Я тихонечко пячусь назад, чтобы избежать взглядов сидящих посетителей. Таслима нигде не видно. Интересно, здесь есть гримерка или что-то вроде комнаты, где комики ждут своей очереди выступать? Хорошо бы это выяснить, но, похоже, никто не собирается вводить меня в курс дела.
Я опираюсь на барную стойку и прошу стакан воды у бармена, на груди которого прикреплена белая табличка с написанным от руки именем «Лэй». Лэй видит мой гипс и подвигает ко мне складной стул вместо барного, хотя я отмахиваюсь от его помощи, бормоча: «Я в порядке, спасибо». Потом наливает мне стакан из бутылки с минеральной водой из холодильника. Я предлагаю заплатить, но он говорит, что не надо. Это хорошо, потому что на самом деле я бы не смогла позволить себе выпить здесь минеральной воды, когда, бросив беглый взгляд на меню, обнаружила, что бутылка стоит 6 ринггитов, а в кармане у меня всего 2,83.
– Первый раз здесь?
Лэй произносит это без улыбки, но глаза у него дружелюбные, мягкие. Присмотревшись, я понимаю, что ему хорошо за тридцать, может, даже около сорока.

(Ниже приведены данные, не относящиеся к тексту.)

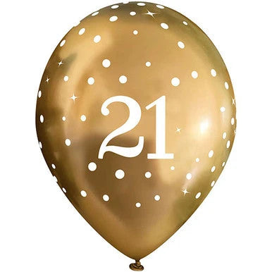 6 pack of Age 21 11” Latex Balloons. Assorted Colours.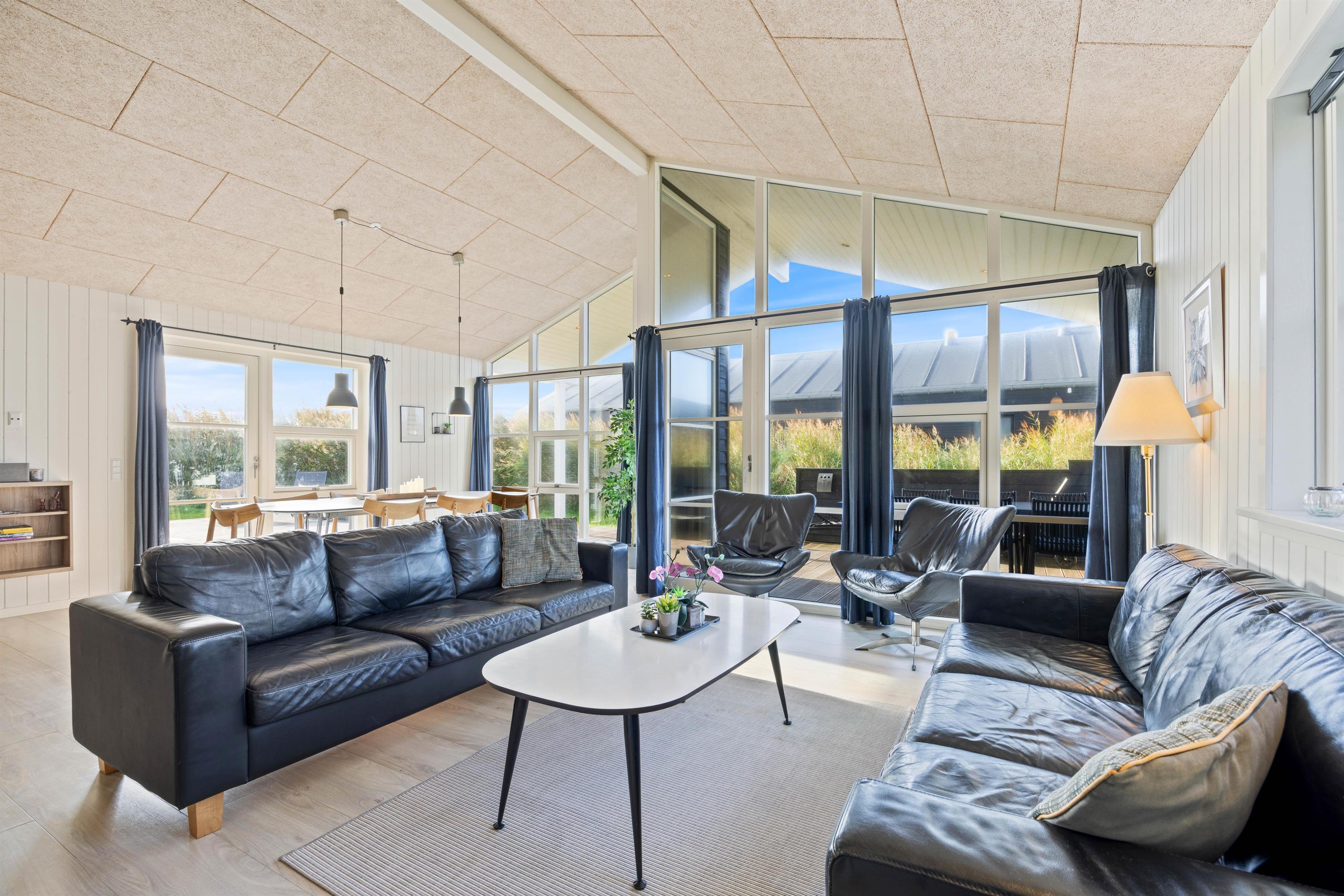 Sommerhuset på Lodbergsvej strækker sig over 125 kvadratmeter. Her er dejligt lyst og er opført i 2013 efter moderne standarder. Loftet går derfor selvfølgelig hele vejen til kip, hvilket er med til at give rummene en god rummelighed og fornemmelse. Der er også tænkt på akoustikken, eftersom man har valgt at opsætte troldtekts lofter i hele huset.
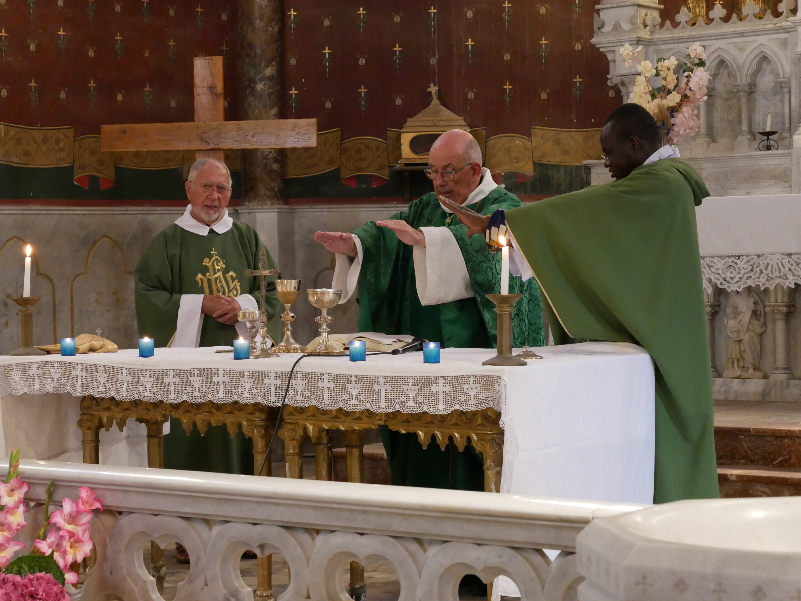 On arrive à la fin de la cérémonie; Avant l’Envoi, Jean Louis Terrat lit les annonces pour la semaine. Puis Monseigneur prononce la bénédiction finale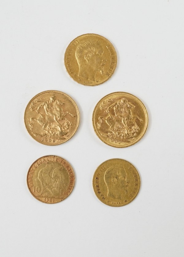 Lot comprenant deux pièces souverains or, une pièce de vingt..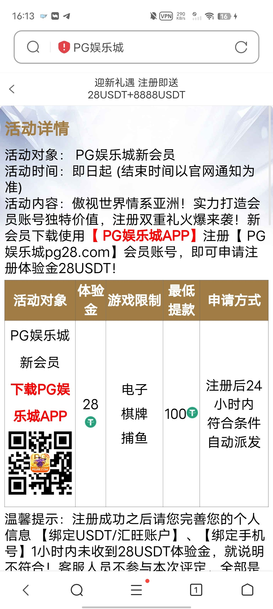 活动一: 新用户注册绑手机号和usdt地址 一小时内自动赠送28usdt 没送就是不符合具体自测  游戏和提款限制自行查看优惠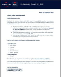 إشارة إلى تعميمنا السابق رقم (28-2025) الصادر بتاريخ 11 أغسطس 2025 بشأن القيود المفروضة على العمليات البحرية مع ميناء بورتسودان، نود أن نحيطكم علماً بآخر المستجدات: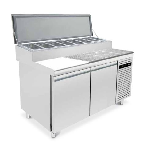 -Kit réfrigéré surélevé sur le plan de travail avec couvercle isotherme pour éviter de devoir stocker les bacs GN 1/3 après une utilisation quotidienne.
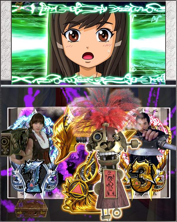 ボタンPUSHで3D透過液晶にアイテムが出現。牙狼斬馬剣やP.F.O.G.翔なら大チャンス!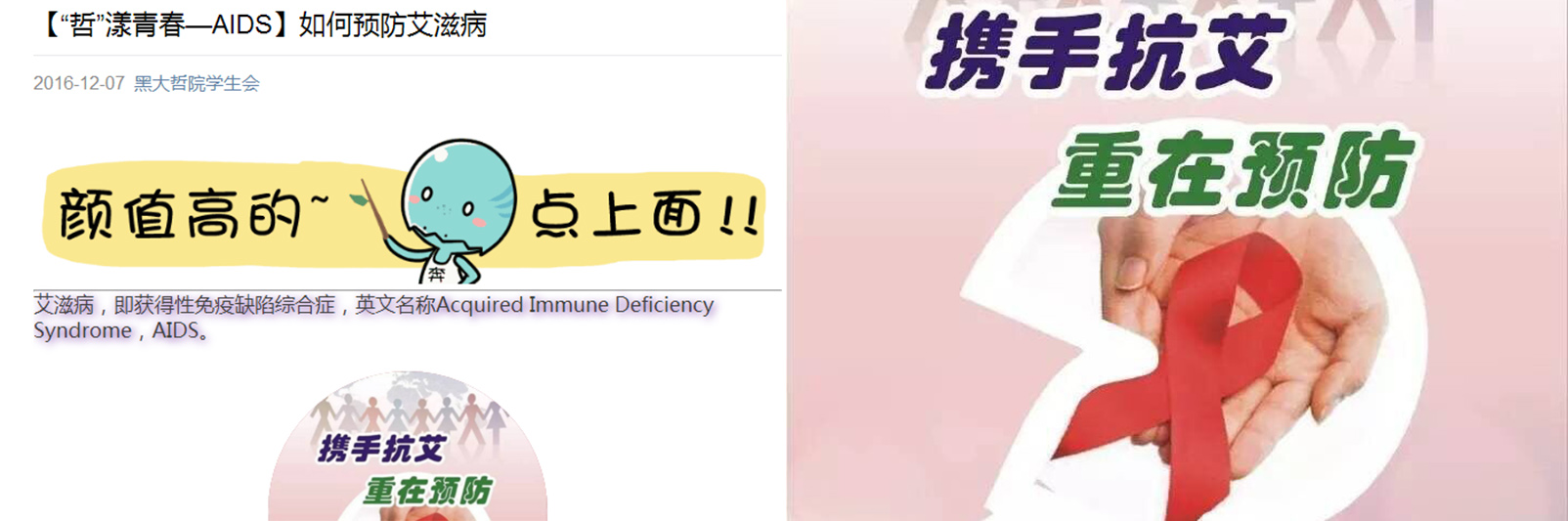 学生会在微信、微博等官方公众平台上进行了内容推送,对艾滋病的相关知识进行了宣传。在这期间,同学们了解到每天有超过7000人新发感染艾滋病,全世界各地区均有流行。专家估计,艾滋病全球流行重灾区可能会从非洲移向亚洲。据中国疾病预防控制中心估计,我国存活HIV携带者及艾滋病患者约78万人,全年新发感染者4.8万人,死亡2.8万人。主要传播途径有血液传播、性传播和母婴传播等,这些内容推送使同学们对艾滋病有了进一步的了解。与此同时,91大神
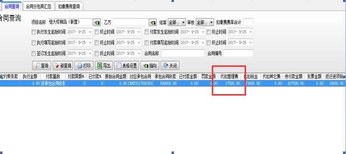 ④“分包合同”查詢掛靠單位資金剩余應返還工程款金額等(下圖中代扣的管理費17500元就是我們公司的盈利)
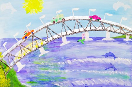 Детские рисунки моста через Волгу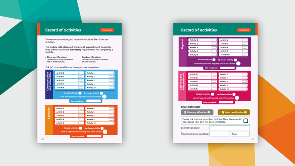 To support flexible delivery, selected documents are now available in interactive digital formats. These include evidence templates (such as witness statements, photographic evidence and observation records) and learner worksheets, including updated versions of ‘Module reflection’ and ‘My achievements’.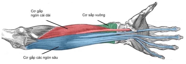- Cơ gấp các ngón nông: Gấp đốt giữa các ngón 2-5, phụ giúp gấp đốt gần và gấp cổ tay.
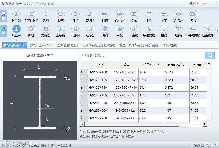 使用方法:按类型选择不同规格搜索,即可看到对应规格重量、表面积、截面积等结果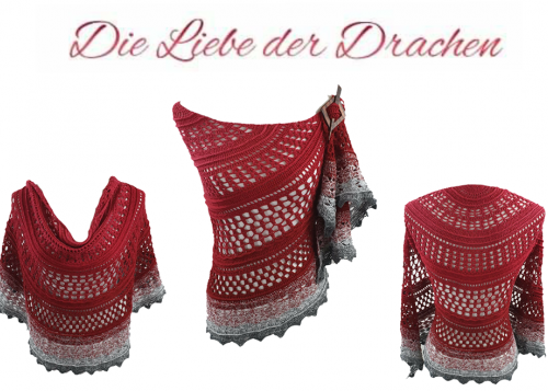 Romantisch oder auch sportlich, das ideale Tuch "die Liebe der Drachen". Mit der außergewöhnlichen Form ist es ein absolutes Must have. Möchtest auch du dieses schöne, extravagante halbrunde Tuch? Dann ran an deine Häkelnadel. Durch das luftig leichte Muster ist es auch für Anfänger geeignet.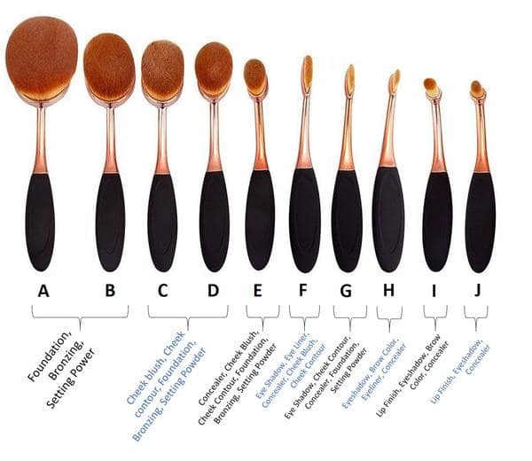 This set comes with 10 brushes. See the pic below for suggested uses for each: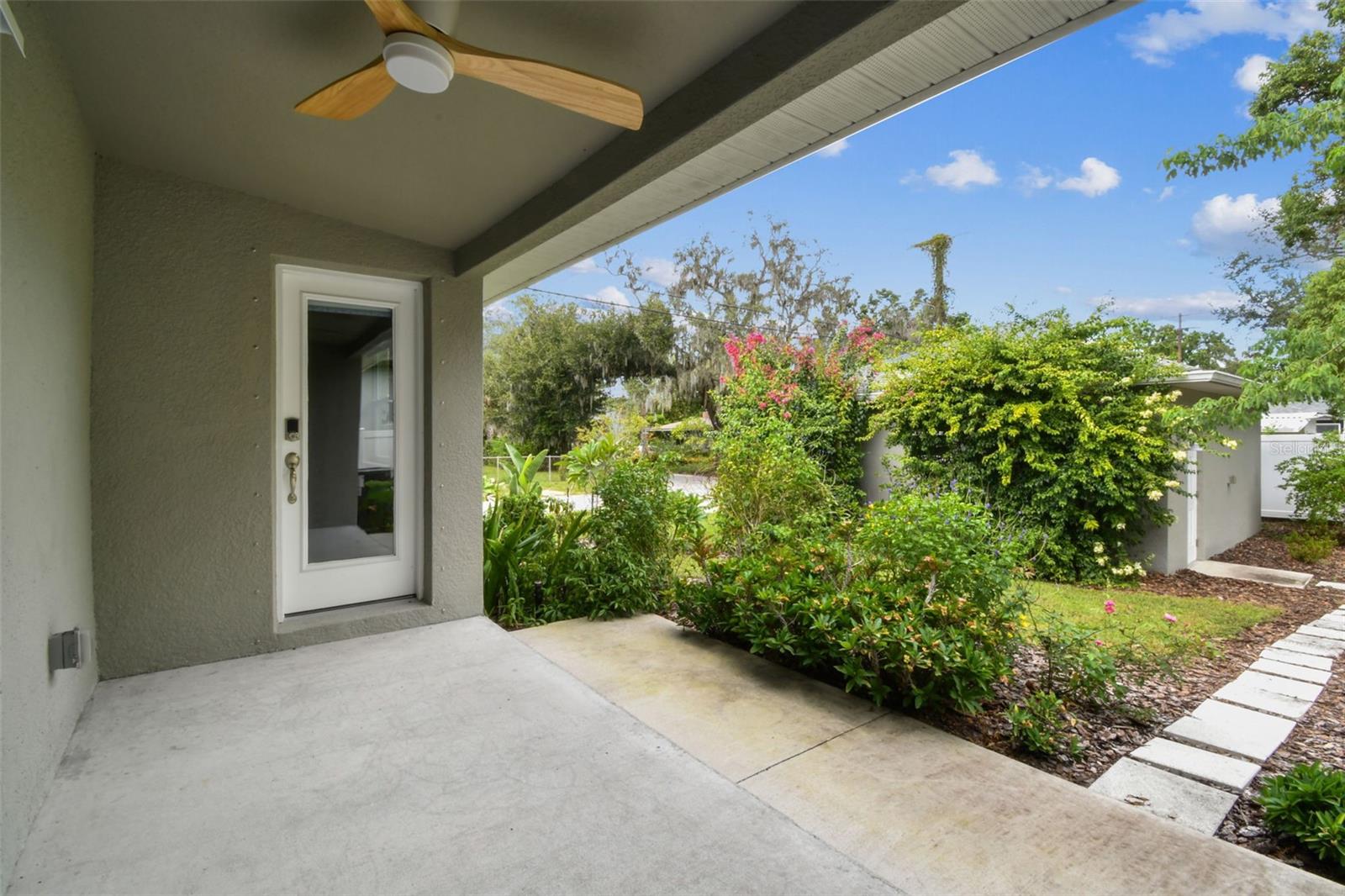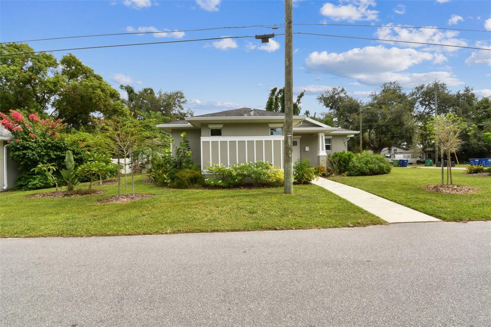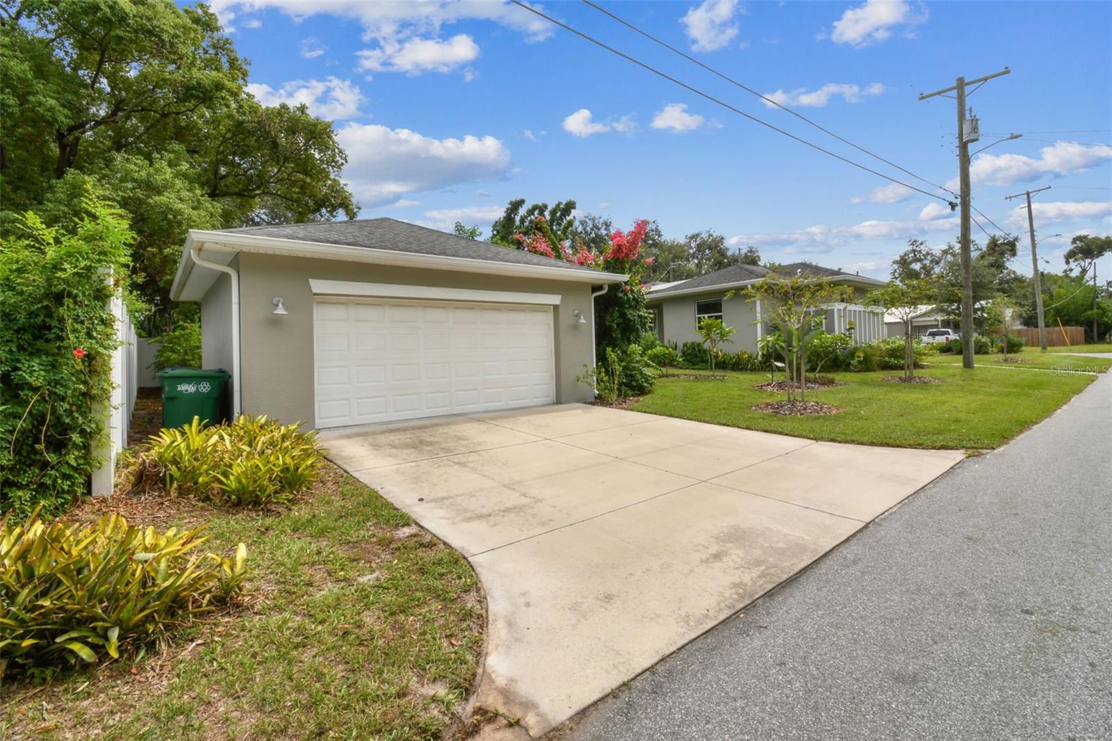 Modern Ranch-Style Home on a Landscaped Corner Lot in Historic Old Seminole Heights Welcome to this beautifully maintained, like-new ranch home nestled on a manicured corner lot in the heart of Historic Old Seminole Heights. Built in 2019, this thoughtfully designed residence offers contemporary comfort, energy efficiency, and stylish finishes throughout. Step inside to a spacious open-concept layout that seamlessly blends the kitchen, dining area, and great room—perfect for entertaining and everyday living. The large chef’s kitchen is a standout feature, boasting stone countertops, an oversized 5+ foot island, a pantry, and a Samsung induction range with air fryer and double oven. This home offers 2 bedrooms and 2 full bathrooms, including a serene primary suite with a walk-in closet, private ensuite bath with a walk-in shower, and direct access to the side yard patio. The guest bedroom features convenient ensuite access to the guest bath, which includes a tub/shower combo. Additional highlights include: Luxury vinyl flooring throughout Large interior laundry room with washer and dryer included Tesla solar power system with Tesla backup, keeping average monthly electric bills around $47 Smart home technology, including a video doorbell, security system, exterior cameras with free recording, and centralized app control for systems including A/C monitoring Detached 2-car garage with EV charger and automatic door opener Electronic blinds on most windows New variable-speed heat pump (installed in 2022) 5-zone irrigation system Low-maintenance stuccol siding and vinyl fencing Not located in a flood zone This home offers a rare blend of modern efficiency, low-maintenance living, and prime location. Just minutes from local eateries, parks, breweries, and the charm of the Seminole Heights neighborhood—don’t miss your chance to make this exceptional property yours!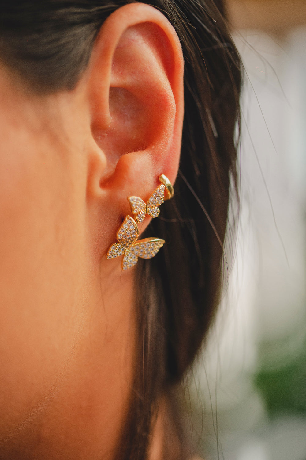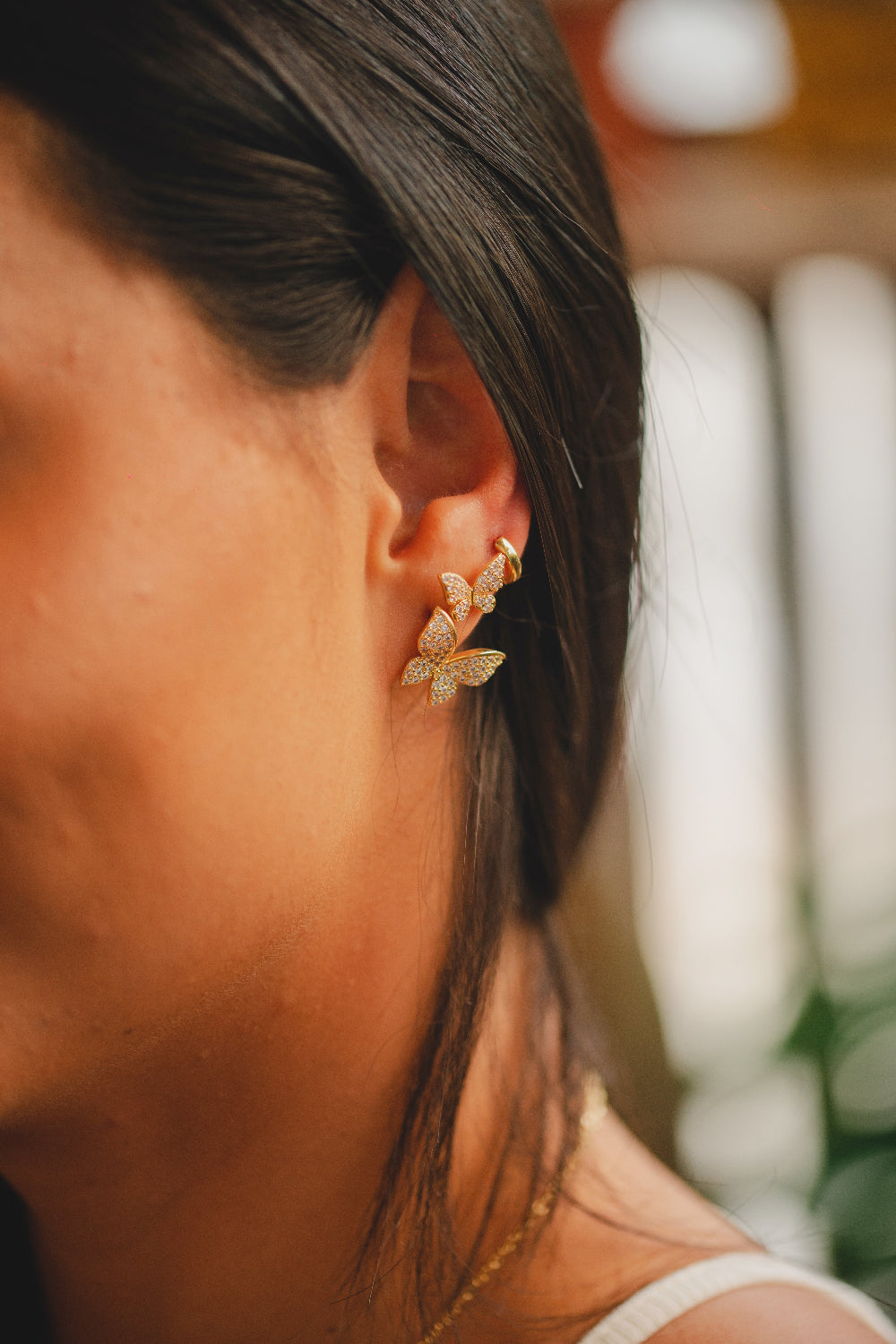 BRINCO BORBOLETA GRANDE CRAVEJADO FOLHEADO A OURO 18K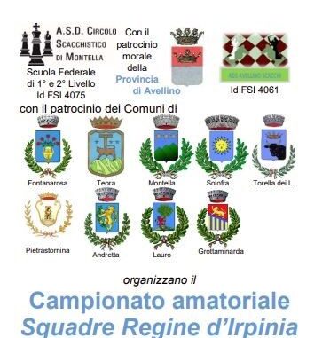 Si svolgerà a Grottaminarda domenica 22 gennaio, la fase eliminatoria del Campionato Amatoriale di Scacchi Squadre “Regine d’Irpinia” a cura dell’ASD Circolo Scacchistico di Montella, Federazione di 1° e 2° livello Id FSI 4075, con il patrocino della Provincia di Avellino e di diversi comuni irpini tra i quali Grottaminarda.
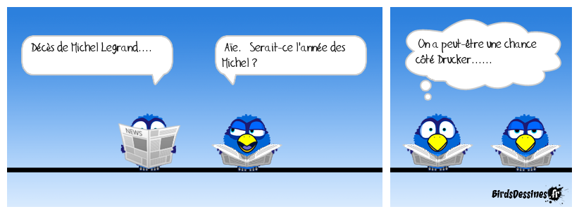Case 1:Bird 1: Décès de Michel Legrand.... | Case 2: Bird 1: Aîe. Serait-ce l'année des Michel ? | Case 3: Bird 1: On a peut-être une chance côté Drucker......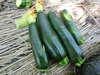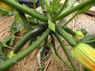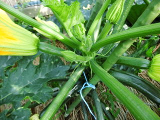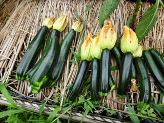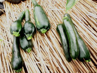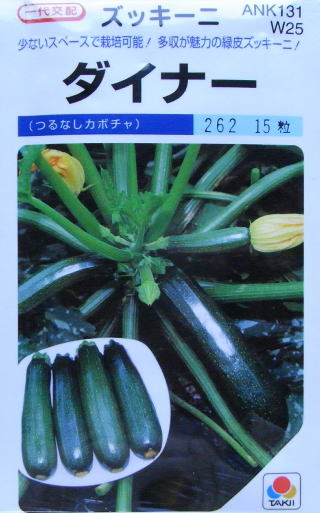 つるが伸びないので場所をとらず、強健で作りやすいので家庭菜園向きです。果実は黒緑色の円筒形、連続して収穫できます。天ぷら、煮物、油炒めのほか、欧風料理ラタトゥーユ等に利用できます。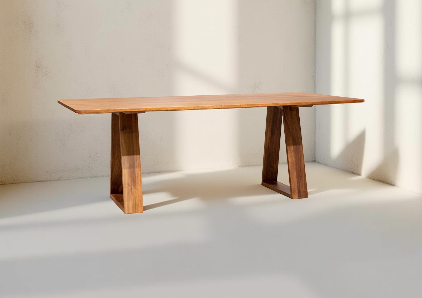 Introducing the Sellicks dining table, a stunning embodiment of Scandinavian design. With its striking delta-shaped legs, this table not only offers sturdy support but also infuses a modern artistic flair into any dining space. Crafted from premium select-grade solid timber, the surface beautifully showcases the intricate wood grain, imbuing each piece with a unique character that adds warmth and depth to your home.

Я киваю, радуясь, что меня заметили.
– Я сегодня выступаю здесь, но не знаю, куда идти.
– Все остальные находятся в маленькой комнате за занавесом, но там тесно и наверняка воняет потом. Кроме того, почти все комики – мужчины и старше тебя, поэтому, если хочешь, можешь посидеть здесь со мной, – улыбается он.
Я с благодарностью принимаю приглашение.
– Спасибо, Лэй.
– Когда назовут твое имя, поднимайся на сцену. У нас здесь все просто, без особых церемоний, не волнуйся.
– Это мое первое стендап-выступление, – признаюсь я, хотя не собиралась ничего говорить.
– Понял, – подмигивает Лэй.
Он делает знак Малику, который, ссутулившись, стоит у другого конца стойки, так как снаружи тот больше не нужен, что-то шепчет ему, и Малик кивает и направляется за занавес.
– Поскольку ты выступаешь впервые, тебе нужно отыграть всего лишь три минуты, а не пять. Мы пригласим тебя во второй части, за пару сетов до хедлайнера. К этому времени все уже выпьют, немного разомлеют и разогреются после выхода комика, открывающего вторую часть, а значит, станут более снисходительны, – говорит Лэй.
Я от всего сердца его благодарю.
А потом начинается шоу. На сцену, блестя лысиной, выходит плотный пожилой белый мужчина в черной футболке и джинсах.
– Дамы и господа, народ, добро пожаловать на шоу «Смейся, Кей-Эл!». Самое освежающее стендап-шоу в Куала-Лумпуре! Проведите его вместе с нашими комиками!
Толпа взрывается восторженными криками и аплодисментами.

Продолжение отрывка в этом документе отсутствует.